A ball is thrown striaght up from a height of 3 ft with an initial velocity of 40 feet per second. How high will the ball go? Assume that the only force acting on the ball is gravity where the acceleration due to gravity is -32 feet per second per second.

h(t) = 3 + 40t - 16t^2

Now just find the vertex of the parabola.
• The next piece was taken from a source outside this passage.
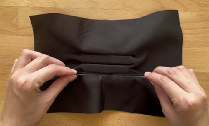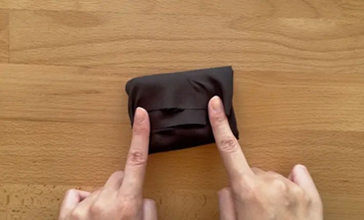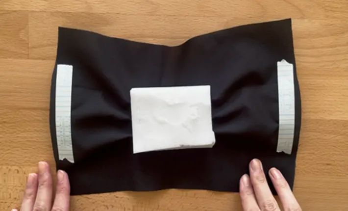 スポンジに布をかぶせ、切れ込み部分に布をくい込ませましょう。

To find the height the ball will reach, we can use the kinematic equation:

\[v_f^2 = v_i^2 + 2a \Delta y\]

Where:
- \(v_f\) is the final velocity of the ball, which will be zero when it reaches its highest point,
- \(v_i\) is the initial velocity of the ball,
- \(a\) is the acceleration due to gravity, and
- \(\Delta y\) is the change in height.

In this case, \(v_f = 0\), \(v_i = 40\) ft/s, \(a = -32\) ft/s², and \(\Delta y\) is what we need to find.
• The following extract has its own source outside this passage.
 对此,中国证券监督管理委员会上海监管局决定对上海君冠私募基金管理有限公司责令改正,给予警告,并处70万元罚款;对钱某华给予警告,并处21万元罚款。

Rearranging the equation to solve for \(\Delta y\):

\[2a \Delta y = -v_i^2\]

\[\Delta y = \frac{-v_i^2}{2a}\]

Substituting the given values, we get:

\[\Delta y = \frac{-40^2}{2(-32)}\]

Calculating:

\[\Delta y = \frac{-1600}{-64}\]

\[\Delta y = 25\]

Therefore, the ball will go up to a height of 25 ft.